There's just one place where threads are not equal, and this can change the perceived speed of execution: It's the operating system that schedules threads to execution units (cores), and for the operating system threads have different priorities. You can tell the OS a certain thread needs to be treated differently using the SetThreadPriority() API (which is used by the TThread.Priority property).

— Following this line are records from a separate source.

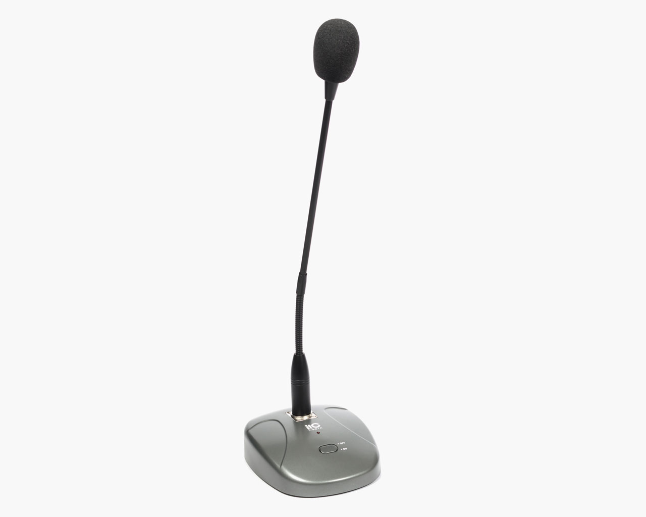 Настільний мікрофон ITC T-621A призначений для подачі мовних оголошень. Включення/відключення мікрофона здійснюється кнопкою, розміщеною на передній частині корпусу підставки. При включенні мікрофона спалахує індикатор, розміщений над кнопкою включення. Включення мікрофона супроводжується гонгом (сигналом привернення уваги). На дні підставки розміщується вмикач/вимикач, а також регулятор рівня гучності гонга.
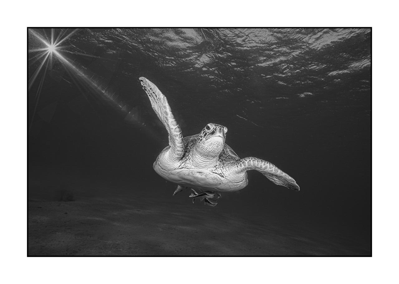 Tortue marine X: Finition museum Photo : 90cm x 60cm. Avec cadre : 103cm x 73cm.
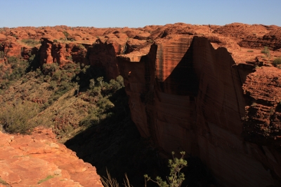 Morgens halb 6 in Australien: Den Aufstieg, und damit den schwierigsten Teil, haben wir schon hinter uns. Nun folgen etwa 6km immer mehr oder weniger am Rande der Kings Canyon-Schlucht.
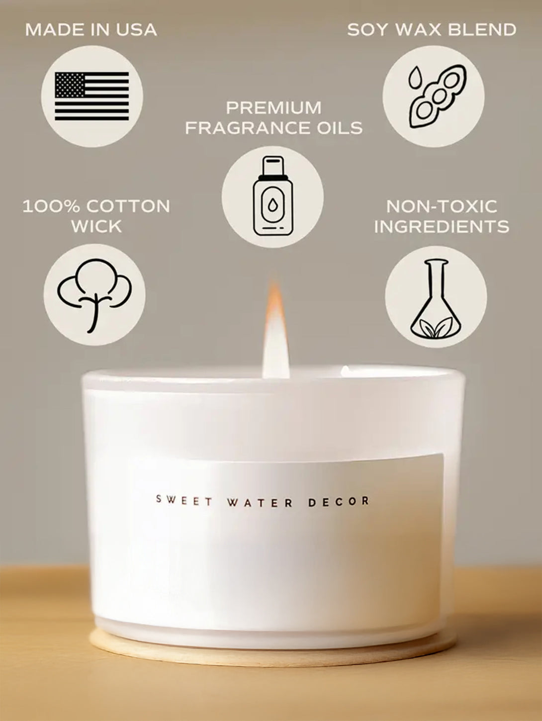 • Soy Wax, 100% Cotton Wick, Premium Fragrance Oil
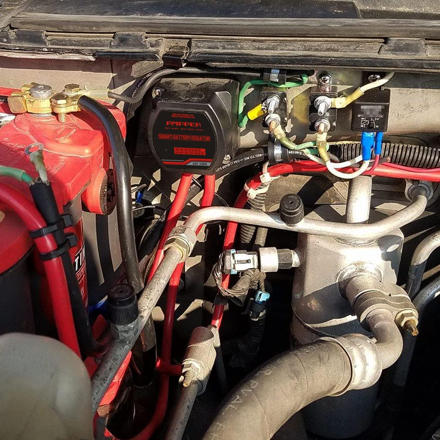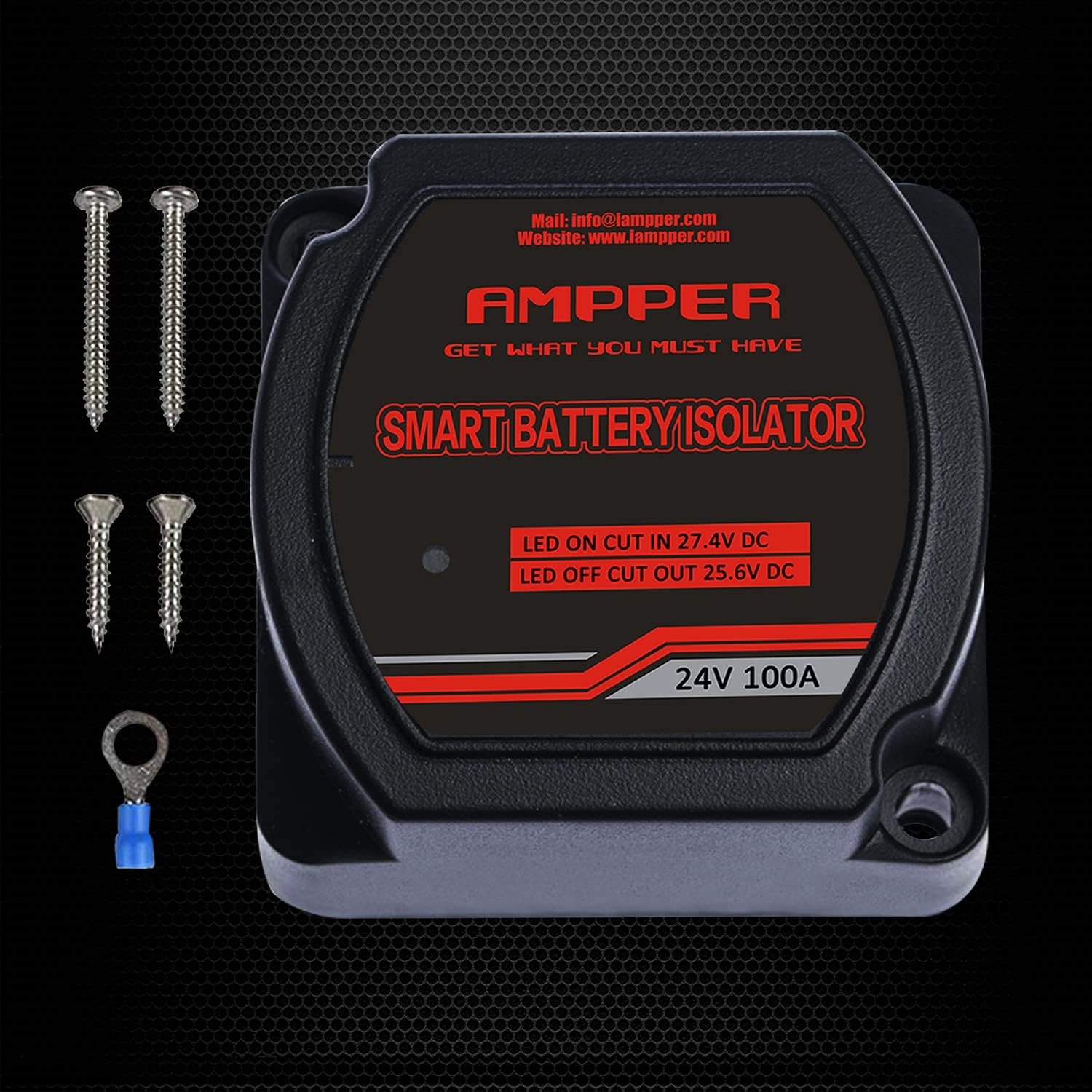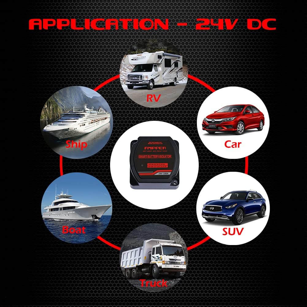Ampper 24V battery voltage sensitive Relay (VSR) dual battery isolator kit for car, vehicle, RV, ATV, UTV and boat. Specifications: 1, Design for two battery systems isolate and charge, it's all need to charge and isolate two batteries (SUITABLE for Acid-Lead batteries, NOT SUITABLE for Lithium batteries). 2, Allow to having two separate power sources while charging by one alternator. 3, Cuts in at 27.4 volts and cuts out at 25.6 volts. 4, Ensure your primary battery is always charged and ready to start your engine, the secondary will be charged after the primary battery's volts exceed 27.4 volts. 5, Heavy built to suitable for almost anywhere even off-road, which is water resistant, shock resistant, dust proof and withstand unexpected extreme weather environments. 6, Universal used for car, vehicle, RV, ATV, UTV and boat, also two battery electrical equipment. 7, VSR kit comes with all the pieces needed (battery cables, battery terminals, copper lugs, heat shrinks, cable ties) for a complete installation. Complete kits includes: 1 x voltage sensitive Relay (VSR). Red and black battery cables. 3 x battery terminals. 3 x copper lugs. heat shrinks. cable ties. 4 x bolts for install.
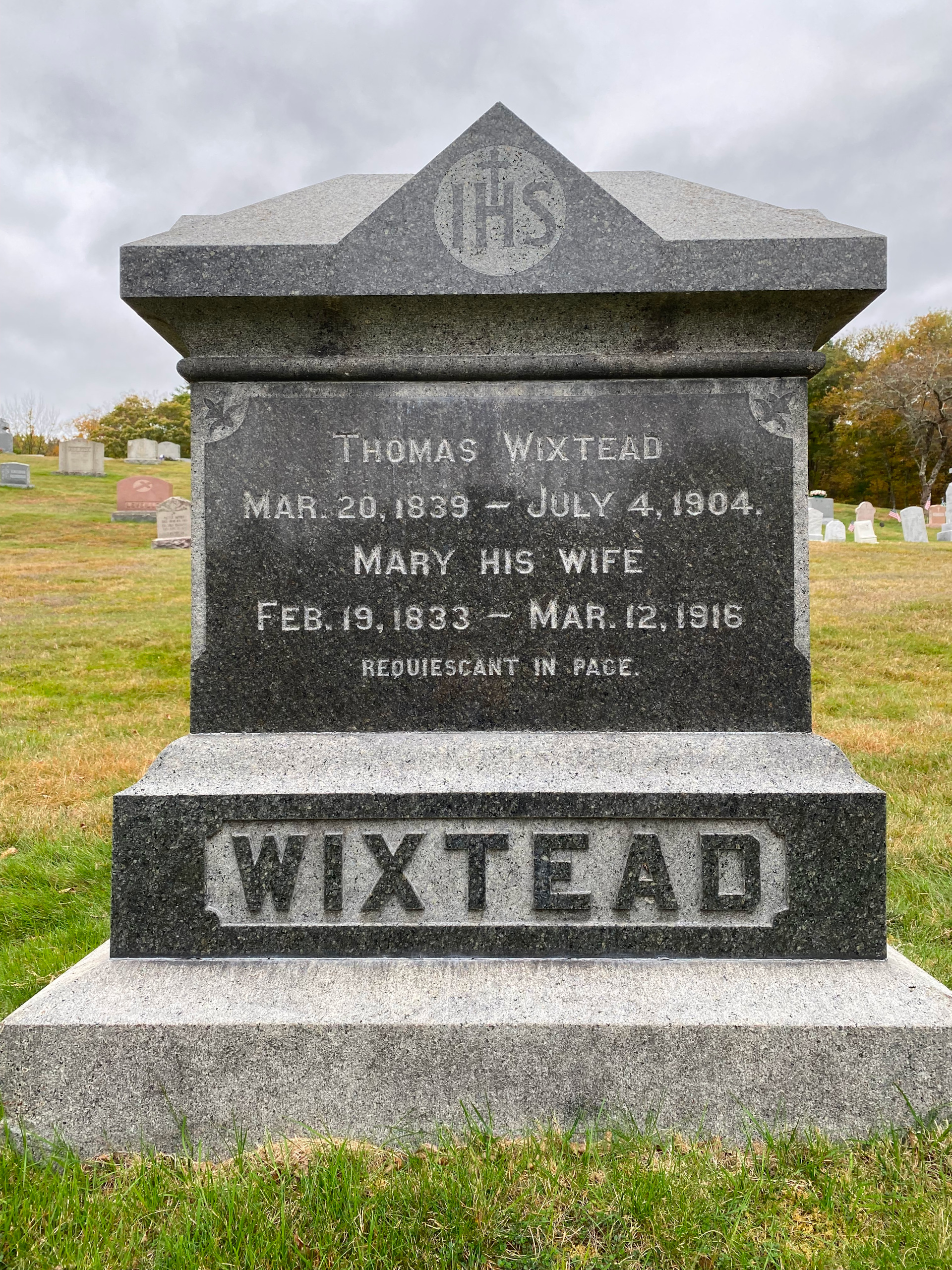 Grave site of your great-grandfather, Thomas Wixtead and his second wife, Mary (Dermody) Wixtead. At St. Denis Cemetery, Douglas, Massachusetts. Aunt Emma’s inscription is on the other side of the stone.

Without simple source code to reproduce the issue, and how you are timing your threads, it will be difficult to understand what occurs in your software.
Sounds definitively like either:
An Architecture issue - how are your threads defined?
A measurement issue - how are you timing your threads?
A typical scaling issue of both the memory manager and the RTL string-related implementation.
About the latest point, consider this:
The current memory manager (FastMM4) is not scaling well on multi-core CPU; try with a per-thread memory manager, like our experimental SynScaleMM - note e.g. that the Free Pascal Compiler team has written a new scaling MM from scratch recently, to avoid such issue;
Try changing the string process implementation to avoid memory allocation (use static buffers), and string reference-counting (every string reference counting access produces a LOCK DEC/INC which do not scale so well on multi-code CPU - use per-thread char-level process, using e.g. PChar on static buffers instead of string).
I'm sure that without string operations, you'll find that all threads are equivalent.
In short: neither the current Delphi MM, neither the current string implementation scales well on multi-core CPU. You just found out a known issue of the current RTL. Read this SO question.

When your code has control of the VCL thread, for instance if it is in one method and doesn't call out to any VCL controls or call Application.ProcessMessages, then the run time will not be affected just because it's in the main VCL thread.
There is no overhead, since you "own" the whole processing power of the thread when you are in your own code.
I would suggest that you use a profiling tool to find where the actual bottleneck is.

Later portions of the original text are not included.